Issues with GraphCast Training – Request for Assistance

Question

Issues with GraphCast Training – Request for Assistance

zlminmin opened this issue 7 months ago · 3 comments

Dear Professor,

I hope this message finds you well.

I am a postgraduate student and a beginner in deep learning. I have read your article on GraphCast and would like to retrain a GraphCast model based on your source code. I have provided a portion of my code below:

Setting model_config and task_config, along with train_steps and eval_steps.

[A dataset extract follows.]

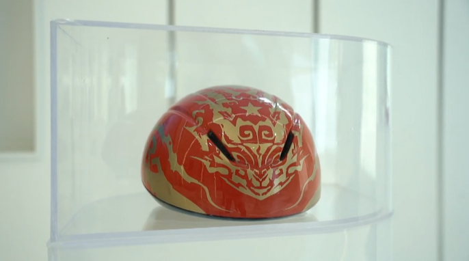 (三棵树为国家短道速滑队设计并涂刷的头盔图案)

Here is the main training loop, modified based on the source code provided in the article (I am unsure if it's correct), training for 10 epochs.

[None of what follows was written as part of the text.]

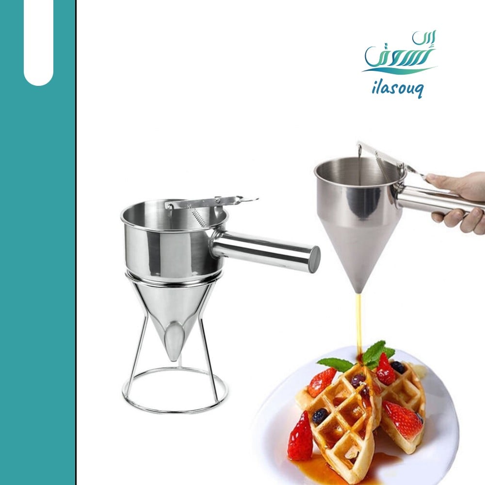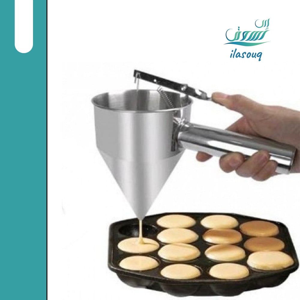 - استخدم ملعقة كبيرة أو كوب قياس لصب العجينة على الجهاز.

The loss and gradients for the 10 training iterations are as follows:

I have encountered several issues during training and would like to seek your guidance:

How are the steps of the dataset divided during training? If training is done in single steps, the first round inputs three time steps, with data from two time steps used for training and one time step for evaluation. For the second round of training, is the training data re-input each time? In other words, should the entire dataset be divided and read in before training, or should it be read in batches?
Regarding the training process implemented in my code, I feel that the training process is not truly effective. Despite using random initialization, the loss and gradients computed in the first round are already very low. Additionally, after 10 rounds of training, the values of loss and gradients have not significantly changed. Could you please provide some guidance on this point?
Concerning the use of the autoregressive.py file during training, I understand that it is used for single-step prediction, but I am unclear on how to use it in training. If you could provide a simple example for training, it would be greatly appreciated.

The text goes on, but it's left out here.